Women Writing Opera:
Creativity and Controversy in the Age of the French Revolution


Women Writing Opera: Creativity and Controversy in the Age of the French Revolution. By Jacqueline Letzter and Robert Adelson. (Studies in the History of Society and Culture.) Berkeley: University of California Press, 2001. [xvii, 341 p. ISBN 0-520-22653-4. $48.]

The title of this book dangles before us the prospect of a hitherto unknown repertory of opera. The authors additionally suggest that these musical works were written by women under difficult circumstances despite sexual discrimination by a "male dominated" French society that ironically boasted about, among its other revolutionary goals, equality.
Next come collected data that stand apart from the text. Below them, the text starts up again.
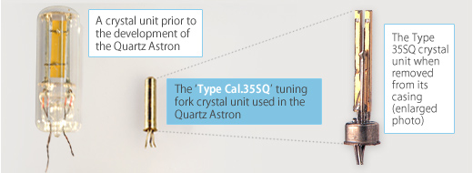 隨著第二年(1970年)Quartz Astron的全球發布,開發水晶單元的團隊得到了高層管理人員的嚴格訂單,生產出更緊湊的設計。我們的目標是提高公司手表的產品吸引力,同時開發具有卓越抗沖擊性和提高大規模生產效率的石英手表。盡管石英天文臺是一款開創性的新產品,但其工程師認為其尺寸仍然過大。石英手表被認為需要制造得更加緊湊,才能更好地被市場接受。然而,Cal.35SQ型晶體單元(直徑4.3mm x 18.5mm)的尺寸太大,無法進一步縮小石英表的尺寸,*結構。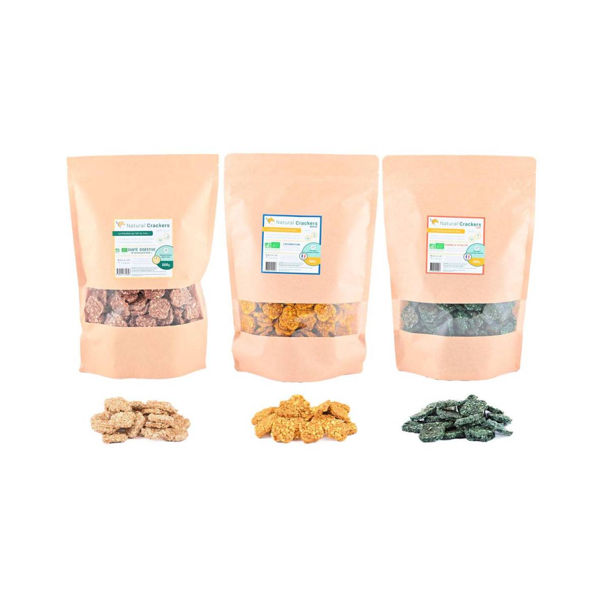 Natural'Crackers (chevaux) la friandise qui fait du bien, est un complément nutritionnel sous forme de biscuits gourmands certifiés Agriculture Biologique pour chevaux et poneys visant à apporter un confort digestif, locomoteur ou une bonne forme en plus du soutien moral pour lequel il est généralement proposé. Il peut s’utiliser en parallèle d’une cure de Natural’Digest, Natural’Top, Natural’Moov ou seul.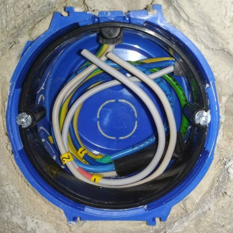 - Расключение выполняется в соответствии с цветами жил кабели и требуемыми контактами: голубая жила – к контакту заземления, жилы прочих цветов – к фазным контактам;

Beginning with the origins of opera under the despotic reign of Louis XIV, in which we (curiously) read all too briefly of the splendid works of Elisabeth Claude Jacquet de la Guerre, and ending with a long exegesis of the opera-without-music failures of Isabelle de Charrière (Belle van Zuylen) during the revolutionary period, Letzter, professor of French, and Adelson, professor of clarinet, present a survey of women's musical theatrical efforts in France.

We are not told which of the authors is responsible for what, but, as over half of the volume is itself directly concerned with de Charrière, it would seem that Women Writing Opera is largely the work of Letzter, whose excellent Harvard doctoral thesis (1995) on de Charrière was substantially published as Intellectual Tacking: Questions of Education in the Works of Isabelle de Charrière (Amsterdam, Atlanta: Editions Rodopi, 1998). The fact that there is almost no musical commentary, and that a notice in the Harvard Graduate School's alumni quarterly Colloquy (Fall 2001:19) attributes Women Writing Opera to Letzter, with rather than and Robert Adelson, would seem to confirm his lesser role. Perhaps Adelson's contribution will become more evident in [End Page 811] the forthcoming Letzter and Adelson article for Revue d'histoire du théâtre, "Un drame d'ambitions déçues: les opéras d'Isabelle de Charrière," announced in Letzter's Intellectual Tacking (p. 13 n. 10). At any rate, note the characterization of de Charrière's operatic ambitions as déçues or "disappointed," using the past participle of décevoir, a word that carries with it the connotation of deception or even delusion. It is, therefore, no surprise that the usual understanding of the term opera has been expanded for the author's purposes to include all creative—rather than executive— endeavors involving music and words with the stage, even if music is missing (as indeed it is in the case of Isabelle de Charrière) from these endeavors.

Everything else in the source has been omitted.